::: SOURCE RECORDS
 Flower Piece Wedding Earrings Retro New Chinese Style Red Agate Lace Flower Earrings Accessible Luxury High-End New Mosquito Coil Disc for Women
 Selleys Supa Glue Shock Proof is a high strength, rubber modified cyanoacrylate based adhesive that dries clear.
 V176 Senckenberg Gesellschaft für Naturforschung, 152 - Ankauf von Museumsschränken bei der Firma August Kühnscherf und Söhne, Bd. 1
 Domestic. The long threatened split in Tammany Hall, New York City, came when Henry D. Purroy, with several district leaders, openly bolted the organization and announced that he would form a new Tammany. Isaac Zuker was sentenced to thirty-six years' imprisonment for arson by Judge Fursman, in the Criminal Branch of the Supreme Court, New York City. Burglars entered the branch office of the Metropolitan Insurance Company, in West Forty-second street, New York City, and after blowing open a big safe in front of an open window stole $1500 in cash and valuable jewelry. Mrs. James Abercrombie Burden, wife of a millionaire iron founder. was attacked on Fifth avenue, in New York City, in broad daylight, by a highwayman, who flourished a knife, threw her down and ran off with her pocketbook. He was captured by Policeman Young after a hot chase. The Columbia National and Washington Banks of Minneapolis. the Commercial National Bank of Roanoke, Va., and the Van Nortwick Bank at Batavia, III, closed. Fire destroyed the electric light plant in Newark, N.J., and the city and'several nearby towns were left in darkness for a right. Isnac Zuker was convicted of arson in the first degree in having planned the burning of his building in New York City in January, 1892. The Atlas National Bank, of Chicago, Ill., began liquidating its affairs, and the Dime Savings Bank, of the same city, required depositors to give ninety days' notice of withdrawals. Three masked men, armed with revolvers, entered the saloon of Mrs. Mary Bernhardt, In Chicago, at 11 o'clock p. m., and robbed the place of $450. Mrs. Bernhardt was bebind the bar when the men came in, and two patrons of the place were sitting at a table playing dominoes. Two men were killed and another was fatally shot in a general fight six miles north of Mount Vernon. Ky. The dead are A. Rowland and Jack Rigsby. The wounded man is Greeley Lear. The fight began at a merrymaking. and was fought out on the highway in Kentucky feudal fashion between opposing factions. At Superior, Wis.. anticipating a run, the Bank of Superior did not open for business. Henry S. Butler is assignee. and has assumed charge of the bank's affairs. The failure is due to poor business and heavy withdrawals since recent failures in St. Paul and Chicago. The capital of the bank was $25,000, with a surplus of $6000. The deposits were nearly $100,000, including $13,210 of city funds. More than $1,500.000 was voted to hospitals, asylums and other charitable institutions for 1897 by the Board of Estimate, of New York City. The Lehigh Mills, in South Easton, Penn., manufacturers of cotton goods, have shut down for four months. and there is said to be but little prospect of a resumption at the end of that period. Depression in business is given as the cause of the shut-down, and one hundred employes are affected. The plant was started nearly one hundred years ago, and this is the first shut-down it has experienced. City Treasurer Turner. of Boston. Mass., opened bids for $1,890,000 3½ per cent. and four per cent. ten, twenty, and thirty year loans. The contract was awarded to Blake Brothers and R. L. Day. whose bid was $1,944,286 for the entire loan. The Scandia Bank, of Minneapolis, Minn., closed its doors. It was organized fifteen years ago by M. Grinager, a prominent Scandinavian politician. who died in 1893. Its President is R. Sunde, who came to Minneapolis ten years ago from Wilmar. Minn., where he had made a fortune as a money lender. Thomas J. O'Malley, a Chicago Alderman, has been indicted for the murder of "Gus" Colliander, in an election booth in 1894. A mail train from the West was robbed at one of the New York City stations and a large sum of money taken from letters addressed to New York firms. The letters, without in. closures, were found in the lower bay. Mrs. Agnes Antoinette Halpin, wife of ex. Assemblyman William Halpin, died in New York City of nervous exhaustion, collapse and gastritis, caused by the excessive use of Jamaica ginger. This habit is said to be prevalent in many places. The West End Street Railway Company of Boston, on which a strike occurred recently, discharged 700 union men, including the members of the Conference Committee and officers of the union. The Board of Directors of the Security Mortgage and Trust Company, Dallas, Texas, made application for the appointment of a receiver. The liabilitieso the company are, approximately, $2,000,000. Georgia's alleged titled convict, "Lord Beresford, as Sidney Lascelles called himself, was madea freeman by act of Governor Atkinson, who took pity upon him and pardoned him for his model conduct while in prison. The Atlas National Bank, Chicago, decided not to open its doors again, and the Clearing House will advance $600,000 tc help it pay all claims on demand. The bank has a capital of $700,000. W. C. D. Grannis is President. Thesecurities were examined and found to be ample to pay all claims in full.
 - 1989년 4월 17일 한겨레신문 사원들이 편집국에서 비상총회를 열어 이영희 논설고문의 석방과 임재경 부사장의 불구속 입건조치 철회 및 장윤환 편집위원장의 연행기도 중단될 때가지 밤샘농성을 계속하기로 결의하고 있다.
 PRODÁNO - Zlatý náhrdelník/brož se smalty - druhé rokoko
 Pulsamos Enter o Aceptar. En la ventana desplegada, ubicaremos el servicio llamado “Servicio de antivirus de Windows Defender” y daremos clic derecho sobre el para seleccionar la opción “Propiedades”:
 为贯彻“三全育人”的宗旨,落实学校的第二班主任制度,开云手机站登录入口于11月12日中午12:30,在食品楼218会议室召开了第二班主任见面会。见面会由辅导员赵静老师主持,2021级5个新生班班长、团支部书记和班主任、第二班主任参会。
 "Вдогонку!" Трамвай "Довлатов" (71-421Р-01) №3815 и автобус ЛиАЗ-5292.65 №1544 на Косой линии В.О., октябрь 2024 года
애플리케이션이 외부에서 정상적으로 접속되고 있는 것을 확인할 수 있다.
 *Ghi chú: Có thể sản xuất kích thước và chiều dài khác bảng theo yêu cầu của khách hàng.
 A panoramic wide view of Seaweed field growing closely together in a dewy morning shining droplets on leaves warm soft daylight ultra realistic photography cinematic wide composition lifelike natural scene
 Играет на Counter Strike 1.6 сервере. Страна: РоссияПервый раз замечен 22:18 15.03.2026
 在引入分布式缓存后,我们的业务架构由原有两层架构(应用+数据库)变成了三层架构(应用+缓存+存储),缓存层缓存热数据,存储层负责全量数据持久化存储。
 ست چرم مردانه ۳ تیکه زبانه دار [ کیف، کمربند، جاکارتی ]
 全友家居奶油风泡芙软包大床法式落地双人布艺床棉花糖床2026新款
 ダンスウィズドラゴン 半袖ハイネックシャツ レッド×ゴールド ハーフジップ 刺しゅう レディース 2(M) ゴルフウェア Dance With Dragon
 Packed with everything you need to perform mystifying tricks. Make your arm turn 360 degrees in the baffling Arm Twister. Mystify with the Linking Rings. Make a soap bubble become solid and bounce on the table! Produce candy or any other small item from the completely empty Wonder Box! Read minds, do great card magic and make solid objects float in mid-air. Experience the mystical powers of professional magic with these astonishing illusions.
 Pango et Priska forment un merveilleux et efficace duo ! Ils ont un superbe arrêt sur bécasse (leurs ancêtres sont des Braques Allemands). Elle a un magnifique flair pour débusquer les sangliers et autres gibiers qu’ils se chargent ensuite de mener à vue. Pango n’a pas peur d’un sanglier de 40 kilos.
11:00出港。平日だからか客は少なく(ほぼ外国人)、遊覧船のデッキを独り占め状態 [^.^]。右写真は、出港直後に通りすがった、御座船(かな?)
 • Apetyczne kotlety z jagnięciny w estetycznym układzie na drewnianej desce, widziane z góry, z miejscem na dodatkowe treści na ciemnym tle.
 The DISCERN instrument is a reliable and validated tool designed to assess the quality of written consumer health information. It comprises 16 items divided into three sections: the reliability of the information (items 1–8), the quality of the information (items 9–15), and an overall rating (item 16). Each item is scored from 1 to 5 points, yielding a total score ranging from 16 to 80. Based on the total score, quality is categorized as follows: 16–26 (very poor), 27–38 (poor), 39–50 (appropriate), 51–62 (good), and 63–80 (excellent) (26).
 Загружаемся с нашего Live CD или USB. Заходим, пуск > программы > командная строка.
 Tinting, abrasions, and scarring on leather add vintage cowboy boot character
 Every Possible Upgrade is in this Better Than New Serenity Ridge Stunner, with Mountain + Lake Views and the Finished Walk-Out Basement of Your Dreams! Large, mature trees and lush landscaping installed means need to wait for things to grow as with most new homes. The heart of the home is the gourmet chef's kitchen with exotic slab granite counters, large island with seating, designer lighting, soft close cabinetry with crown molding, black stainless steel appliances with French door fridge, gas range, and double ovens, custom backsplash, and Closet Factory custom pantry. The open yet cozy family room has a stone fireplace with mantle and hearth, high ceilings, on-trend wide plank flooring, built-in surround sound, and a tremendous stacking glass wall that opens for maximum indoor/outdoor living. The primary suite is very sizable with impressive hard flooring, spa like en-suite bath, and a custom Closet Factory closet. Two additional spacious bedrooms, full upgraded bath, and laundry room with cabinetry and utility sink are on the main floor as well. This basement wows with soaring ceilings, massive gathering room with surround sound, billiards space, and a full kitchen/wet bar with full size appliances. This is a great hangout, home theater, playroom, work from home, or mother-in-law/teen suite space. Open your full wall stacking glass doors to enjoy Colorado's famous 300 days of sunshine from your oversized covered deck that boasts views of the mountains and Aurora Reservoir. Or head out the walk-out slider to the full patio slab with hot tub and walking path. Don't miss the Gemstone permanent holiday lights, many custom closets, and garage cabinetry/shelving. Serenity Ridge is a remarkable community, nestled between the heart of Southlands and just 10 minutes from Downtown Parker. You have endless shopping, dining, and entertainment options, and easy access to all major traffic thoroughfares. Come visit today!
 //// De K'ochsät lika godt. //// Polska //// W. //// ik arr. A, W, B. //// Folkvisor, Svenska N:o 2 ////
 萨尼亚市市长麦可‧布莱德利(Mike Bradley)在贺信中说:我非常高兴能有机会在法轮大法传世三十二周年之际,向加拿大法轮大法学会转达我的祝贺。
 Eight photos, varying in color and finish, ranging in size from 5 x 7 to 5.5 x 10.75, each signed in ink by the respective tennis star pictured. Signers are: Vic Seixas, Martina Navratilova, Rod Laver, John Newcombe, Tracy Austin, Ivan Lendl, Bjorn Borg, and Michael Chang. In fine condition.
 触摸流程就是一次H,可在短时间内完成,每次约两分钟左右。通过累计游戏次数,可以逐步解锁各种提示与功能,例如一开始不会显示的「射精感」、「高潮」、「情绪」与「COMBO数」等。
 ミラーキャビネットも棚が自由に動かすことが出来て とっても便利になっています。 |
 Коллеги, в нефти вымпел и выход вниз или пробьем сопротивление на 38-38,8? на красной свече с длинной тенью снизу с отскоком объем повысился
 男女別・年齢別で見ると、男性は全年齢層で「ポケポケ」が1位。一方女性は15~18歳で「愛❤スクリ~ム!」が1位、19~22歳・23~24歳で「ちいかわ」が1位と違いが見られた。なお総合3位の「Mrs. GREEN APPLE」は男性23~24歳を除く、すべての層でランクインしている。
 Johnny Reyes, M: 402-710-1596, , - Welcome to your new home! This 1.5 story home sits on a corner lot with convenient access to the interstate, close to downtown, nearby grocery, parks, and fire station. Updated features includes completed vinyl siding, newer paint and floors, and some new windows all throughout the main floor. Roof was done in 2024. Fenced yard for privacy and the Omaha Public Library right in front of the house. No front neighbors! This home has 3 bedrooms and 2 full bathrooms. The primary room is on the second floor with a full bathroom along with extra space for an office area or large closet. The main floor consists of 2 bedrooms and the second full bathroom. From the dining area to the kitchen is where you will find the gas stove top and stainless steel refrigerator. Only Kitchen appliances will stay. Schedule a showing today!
::::::
State only the number of lines above that contain the word "item".

SOLUTION BELOW: 2